Update your robots.txt file
To update the rules in your existing robots.txt file, download a copy of your robots.txt file from your site and make the necessary edits. Then, upload the updated file to your site.
If you use a site hosting service, such as Wix or Blogger, you might not need to (or be able to) edit your robots.txt file directly. Instead, your provider might expose a search settings page or some other mechanism to tell search engines whether or not to crawl your page.
If you want to hide or unhide one of your pages from search engines, search for instructions about modifying your page visibility in search engines on your hosting service, for example, search for "wix hide page from search engines".
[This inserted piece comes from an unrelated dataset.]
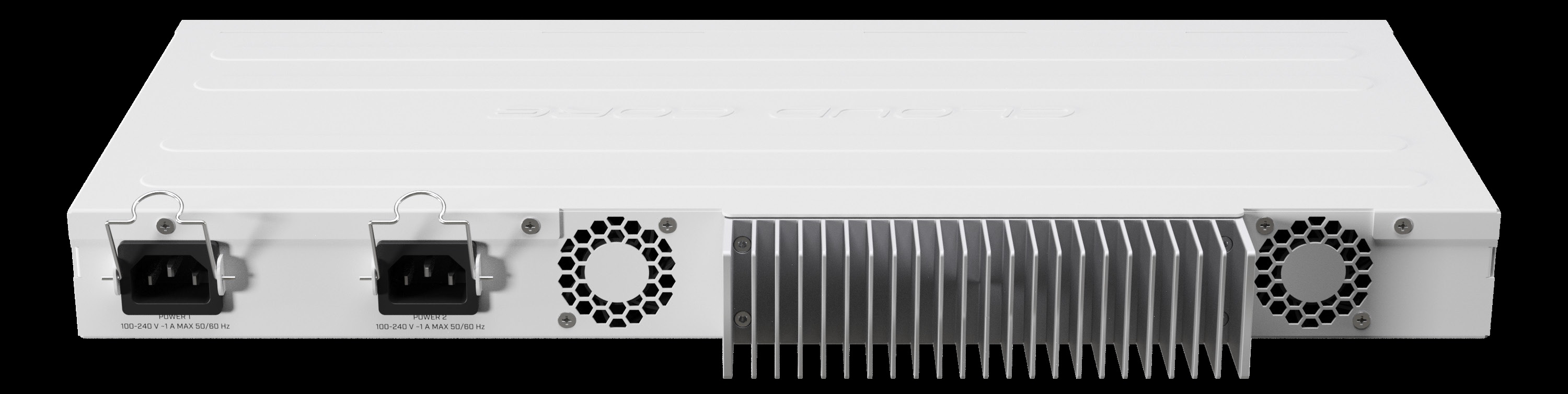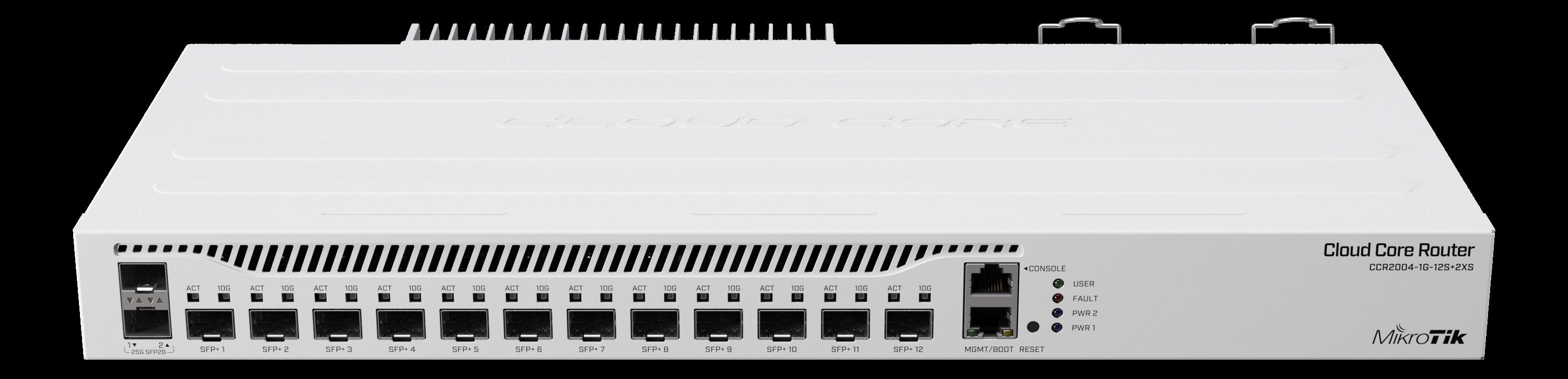 Cloud Core Router 2004-1G-12S+2XS with Annapurna Alpine AL32400 Cortex A57 CPU (4-cores, 1.7GHz per core), 4GB RAM, 1x Gigabit RJ45 port, 12x 10G SFP+ cages, 2 x 25G SFP28 cages, RouterOS L6, 1U rackmount case, Dual PSU

Download your robots.txt file
You can download your robots.txt file various ways, for example:
- Navigate to your robots.txt file, for example
https://example.com/robots.txtand copy its contents into a new text file on computer. Make sure you follow the guidelines related to the file format when creating the new local file. - Download an actual copy of your robots.txt file with a tool like curl. For example: curl https://example.com/robots.txt -o robots.txt
- Use the robots.txt report in Search Console to copy the content of your robots.txt file, which you can then paste into a file on your computer.
Edit your robots.txt file
Open the robots.txt file you downloaded from your site in a text editor and make the necessary edits to the rules. Make sure you use the correct syntax and that you save the file with UTF-8 encoding.
Upload your robots.txt file
Upload your new robots.txt file to the root directory of your site as a text file named robots.txt. The way you upload a file to your site is highly platform and server dependent. Check out our tips for finding help with uploading a robots.txt file to your site.
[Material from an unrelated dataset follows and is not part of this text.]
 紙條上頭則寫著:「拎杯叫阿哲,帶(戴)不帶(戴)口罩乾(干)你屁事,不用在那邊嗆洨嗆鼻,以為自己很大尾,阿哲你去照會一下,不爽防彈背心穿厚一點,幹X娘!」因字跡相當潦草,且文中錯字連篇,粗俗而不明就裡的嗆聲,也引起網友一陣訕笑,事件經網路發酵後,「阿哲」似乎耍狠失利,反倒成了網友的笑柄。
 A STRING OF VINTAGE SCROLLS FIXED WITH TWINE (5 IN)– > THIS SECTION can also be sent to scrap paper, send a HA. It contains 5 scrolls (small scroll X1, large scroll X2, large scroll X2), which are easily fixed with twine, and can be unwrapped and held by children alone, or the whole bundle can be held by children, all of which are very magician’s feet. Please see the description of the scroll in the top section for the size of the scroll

If you do not have permission to upload files to the root directory of your site, contact your domain manager to make changes.
For example, if your site home page resides under subdomain.example.com/site/example/, you likely cannot update the robots.txt file at subdomain.example.com/robots.txt. In this case, contact the owner of example.com/ to make any necessary changes to the robots.txt file.
Refresh Google's robots.txt cache
During the automatic crawling process, Google's crawlers notice changes you made to your robots.txt file and update the cached version every 24 hours. If you need to update the cache faster, use the Request a recrawl function of the robots.txt report.